Good video. Noticed that when it's white's move in the key position ( @15:10), it's easier to triangulate via 1. Qd5+
hey dud e i cant hear u very well
@4:51, he makes it too difficult. Simply Qd5 and you win the rook on the first move.
Nice! Helped me a lot with Zugzwang.
with the R on b7, white can win straight with Qd5+. Black king moves and then taking the rook. Good video though.
AdamWheatley, you need to take control of the f5 square with your queen with 5.Qe4 I believe.
Excellent explanation in how to lose a move by comparing the geometric paths of the pieces. Nice!
At 13:33, IM Shankland makes the amusing comment, "The only square White can go to avoid the checks is back to a6 ... although even so you have to be careful." Actually, it too late to be careful, since even if the king goes to a6 the rook can check on a7: ...Ra7+! and if Kxa7 Black is stalemated.
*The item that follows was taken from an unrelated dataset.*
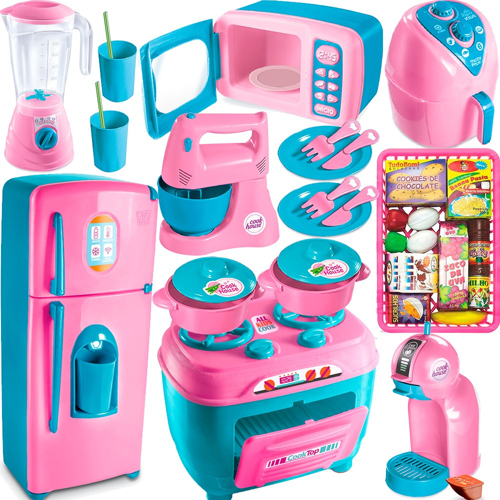 Kit Cozinha Infantil Faz De Conta Completo 32 Peças Geladeira Fogão Comidas Eletrodomésticos

At 10:20 Why not Kd4 instead of Kf4.
Kd4 will help move the Rook away from defense of Black king
Also in last example (method of triangulation) Why not play 1) Qd5+ 2) Qh1+ 3)Qh5
At the 5:50 mark you should be checking on g3, not on g2. The check on g2 allows ... Kf8.
I just tried getting into this position against chessmaster 10. The black rook is just going back and forth along the 5th rank and I can't push my king up the board any further. How do does white make progress?
Why hasn't anyone noticed that in the goal position if black plays Rb7, you can just play Qd4? It's weird, because you noticed for Rg2, but not Rb7.
no Premiun, no video. I'll see it soon. I like this site.
Really good crystal-clear stuff. Congrat !
Finally, someone tells you how to get to the critical position. I've seen many videos on this, but no one ever covers the technique of reaching the critical position, and that's really the hard part. Great job on this video and looking forward to the next one. Thanks.
When you're talking about the rook moving 1... Ra7 you make a mistake with the queen's checks, it should be g4-h3-g3-h2-g1, because if the queen goes to g2 the king can go to g8 without being mated as the rook covers a8 checkmate. Otherwise, very nice video, thank you!
by GM Sam Shankland
International Master Sam Shankland takes on the task of teaching our members how to win a Queen vs Rook Endgame in a two part video series. Today we learn (and hopefully master) the ultimate "goal" position of this tricky ending: the Philidor Position! See how white is winning by force on any black response, and then pay attention to the tricky way for white to "lose a move" and place black in Zugzwang...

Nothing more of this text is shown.